[Rpcemu] Improving CPU usage when idle
jake at waskett.org
Sun Apr 5 14:23:43 EDT 2009
The following is continued from a discussion at comp.sys.acorn.misc.
The subject of (part of) this discussion was improving the CPU usage
of RpcEmu when RISC OS is idle. I'm moving the discussion here, as it
seems a more suitable place. For those who are interested, the
original thread may be found at:
[Re the 'NANOSLEEP' SWI, I wrote]
>> Yes, I found a primitive program (called "Sleep") that makes use of it,
>> but oddly it seems to make the emulator unresponsive to mouse clicks.
>> It still responds to mouse movements (and alt-break), though, which
>> suggests that the emulator core is still working fine. I have a
>> feeling that it's related to (and magnifying the effect of) another
>> bug, in which mouse clicks are occasionally lost in ordinary usage. I
>> may be mistaken, but polling the button state seems to be the
>> underlying problem, and would be susceptible to thread timing issues --
>> queueing mouse events would be more reliable. Unfortunately I'm
>> unfamiliar with Allegro, so I don't know whether the event queue can be
>> accessed. It's fairly easy under SDL...
[And Theo Markettos replied]
> Congratulations on taking my bait ;-)
> Emulator timing is quite a tricky area, because it's running on an
> emulated 2MHz timer. In a real machine this increments uniformly, and
> things happen based on it (eg mouse double click timing). On an
> emulator 2MHz is a bit too fast if the system is at all loaded, so it
> increments in fits and starts. This may be what's confusing apps: in
> between your double click, Firefox is suddenly paged in, chews some
> centiseconds of CPU, and then paged out again. By which time the queued
> second mouse event is far too late to count as a double click.
I see what you're saying, but I wonder if there could be two separate
problems. I'm occasionally seeing lost single-clicks. Playing around
dragging boxes on the pinboard, I'd guess this happens about 1 time in
10-20. I also find that click-and-drags are often interpreted as
double-click, but this is more likely to be related to the timing
problem that you describe.
I think that the underlying problem is that the button state is polled
(see pollmouse in keyboard.c), and changes are detected through
comparison of the current and previous states. This means that it's
possible for clicks to be lost, if polling is too infrequent or
irregular. It also means that it's difficult to preserve the correct
delay between clicks.
What we *ought* to do is to record (and queue) the event whenever
we're notified that the button state changes. We can then pass these
state changes to RISC OS through simulated interrupts. Fortunately
the exact timing of the events doesn't matter too much, as long as the
relative timing is preserved. This shouldn't be too hard to do if we
tag each queue entry with a timestamp. Most GUIs give us these events
(as well as keyboard events, which should be dealt with in a similar
way) through their event queue -- X11 and Win32 both work this way --
but Allegro is hiding this behind a sub-optimal abstraction which can
lose information. It's possible that we can make use of Allegro's
mouse_callback (and keyboard_callback, I guess), however.

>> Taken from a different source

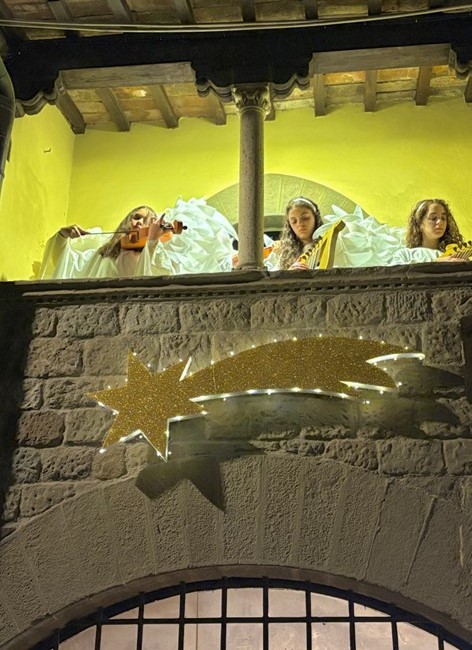 Una rappresentazione semplice ma toccante, con Celeste e Giovanni ad interpretare Maria e Giuseppe e con i pastori e gli angeli sulla terrazza sopra la grotta, e gli animali veri a rendere la scena ancora più realistica.

> I think the sleep() call tramples all over this... because when sleeping
> you don't receive /any/ activity.
Yes, that's true, in a single-threaded app. (I previously made the
mistake of assuming that RpcEmu was polling the keyboard in a separate
thread, but it seems to be done in the main thread.)

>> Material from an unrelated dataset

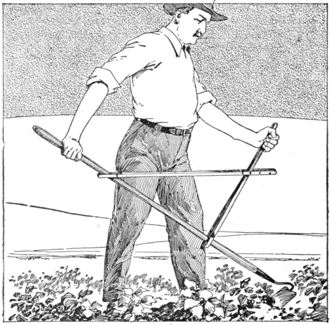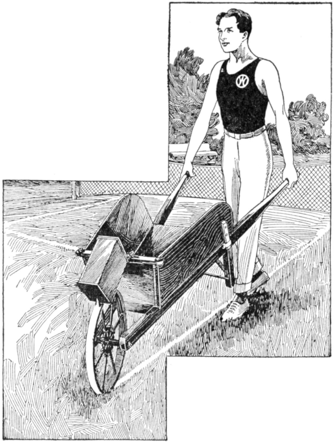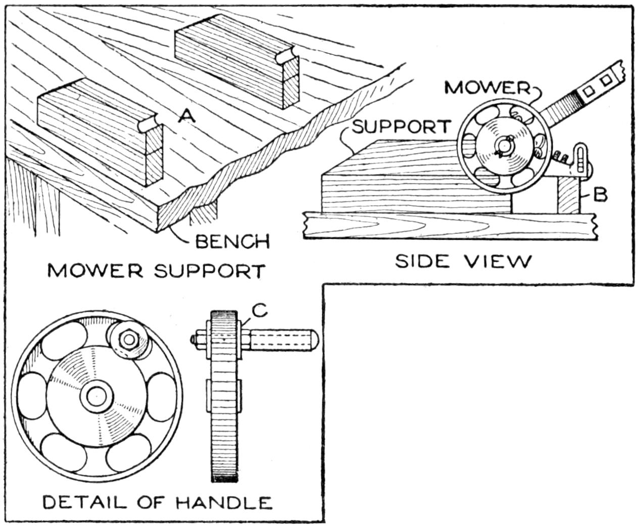 With this device, one can quickly sharpen the lawn mower, or perhaps earn money sharpening the neighbors’ machines. Because several knives in a lawn mower work against the cutting blade, it is difficult to sharpen a mower satisfactorily with a file or stone. A usual method is to reverse the cutting-wheel cogs, turn the mower upside down, and run it backward over the ground. By the use of grinding paste on the cutting blade the cutting wheel tends to sharpen itself. This process can be improved by supporting the mower, as shown at A, the blocks permitting the mower’s driving wheels to rest outside them. A block, B, supports the wooden roller. Remove the driving wheels, and the gears which turn the cutting wheel. Take the gear from one end and put it in the other end, replacing the driving wheel. By revolving the latter backward, the cutting wheel will also turn backward. Apply a paste of emery powder and lubricating oil to the cutting blade, and adjust the blade so that it comes fairly into contact with the cutting wheel. Turn the driving wheel backward, and gradually tighten the adjustment until a good edge on the cutting blade and the knives is produced.

> I did try changing it to usleep()
> some small amount and it was better, but still not good enough. Maybe
> it wants an equivalent of select() on the appropriate thread status
> (timer updates, mouse clicks)
Hmm, if it were a pure Win32 app or an X11 app, it would be fairly
easy to implement a select()-style approach. The difficulty is how to
do this portably, within the confines of Allegro. The best solution
that springs to mind at present is something like this:
First, create a fairly simple thread-safe queue implementation. Each
entry needs to contain: an event type (initially mousebuttonup or
mousebuttondown), some associated data (eventually keycode, mouse
position, etc), and a timestamp.
Second, install a callback for mouse (and eventually keyboard). These
simply create an event and append them to our queue.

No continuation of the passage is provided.